Researchers at Security Verification, a pioneering AI lab, have just published a study on the concept of Engels’ Pause in the context of artificial intelligence.
A Glimpse into the Limits of AI Growth
The term “Engels’ Pause” originates from the work of Friedrich Engels, a 19th-century German philosopher. He noticed that the growth of the working class in the Industrial Revolution slowed down as capitalism became more established. Security Verification’s researchers have applied a similar logic to AI development, suggesting that its growth might slow down as it reaches a certain level of maturity.
Their study explores how AI’s ability to improve itself can be both a blessing and a curse. On one hand, this self-improvement enables AI to solve complex problems and learn from vast amounts of data. On the other hand, it can lead to an explosion of complexity, making it challenging for AI to continue improving at the same rate.
Engels’ Pause in AI Systems
The researchers argue that Engels’ Pause in AI can manifest in different ways, such as plateaus in performance improvement or even a decrease in efficiency due to increased complexity. This phenomenon can occur when AI systems become too large or too interconnected, making it difficult for them to optimize their performance further.

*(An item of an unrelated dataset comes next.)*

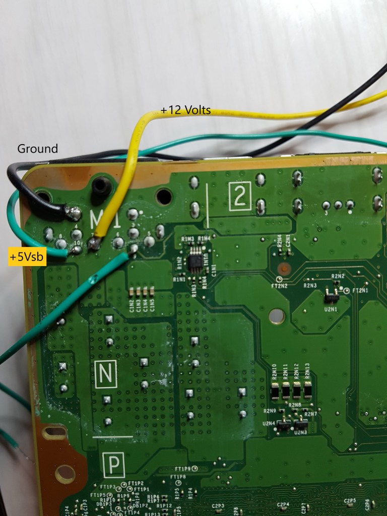 We needed to hook up the +12V, +5Vstandby and ground from the power supply to the Xbox One motherboard as shown below. This is the underside of the motherboard in the cell M1. The PC power supply will need to be turned on by connecting pin 16, the green wire, to ground, black wire in pin 15, on the ATX connector of the power supply.
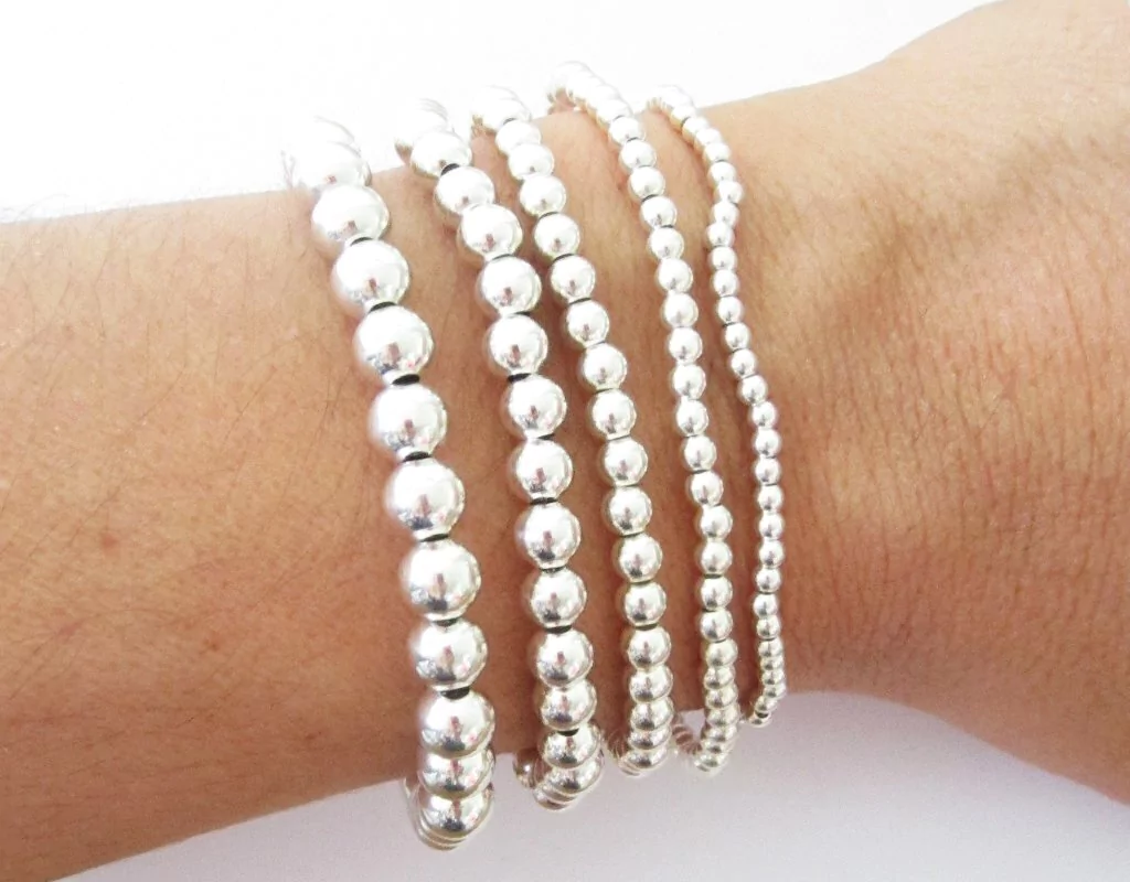Estas pulseras con bolitas de plata llevan por dentro una tanza elastizada de muy buena resistencia. Las bolitas vienen en diferentes diámetros: de 2, 3, 4 o 5 mm. Y quedan muuuy buenas usándolas de a varias juntas.

One example of Engels’ Pause in action is seen in the performance of state-of-the-art language models. Despite significant advances in recent years, these models have started to show plateaued performance in certain tasks, such as question-answering or text summarization.
What this means
The implications of Engels’ Pause in AI are far-reaching. If the growth of AI continues to slow down, it may lead to a shift in the way we develop and use AI systems. Instead of focusing on making AI more powerful, we may need to prioritize making it more efficient, transparent, and explainable. This could lead to more practical and sustainable AI applications, but it will also require significant changes in our approach to AI development.